* _TASK ITEM_
From the entries below, retype only the lines from the one with "4 Gang Rocker" through the one with "サンゴ礁の海に留まるヘリコプター", exactly as written.

* _SOURCE DATA_
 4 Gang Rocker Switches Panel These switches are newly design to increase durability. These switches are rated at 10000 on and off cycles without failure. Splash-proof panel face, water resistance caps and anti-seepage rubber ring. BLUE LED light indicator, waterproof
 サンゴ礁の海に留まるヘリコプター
---
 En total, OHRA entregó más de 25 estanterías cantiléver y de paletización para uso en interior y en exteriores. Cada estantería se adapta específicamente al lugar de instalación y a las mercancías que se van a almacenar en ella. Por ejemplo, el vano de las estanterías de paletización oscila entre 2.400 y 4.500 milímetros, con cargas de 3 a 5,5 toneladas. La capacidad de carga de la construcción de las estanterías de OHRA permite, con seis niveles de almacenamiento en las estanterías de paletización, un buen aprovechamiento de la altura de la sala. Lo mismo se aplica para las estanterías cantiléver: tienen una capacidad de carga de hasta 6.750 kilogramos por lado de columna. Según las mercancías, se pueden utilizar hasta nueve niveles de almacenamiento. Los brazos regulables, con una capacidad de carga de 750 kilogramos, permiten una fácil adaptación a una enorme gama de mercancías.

* _RESPONSE BELOW_
 4 Gang Rocker Switches Panel These switches are newly design to increase durability. These switches are rated at 10000 on and off cycles without failure. Splash-proof panel face, water resistance caps and anti-seepage rubber ring. BLUE LED light indicator, waterproof
 サンゴ礁の海に留まるヘリコプター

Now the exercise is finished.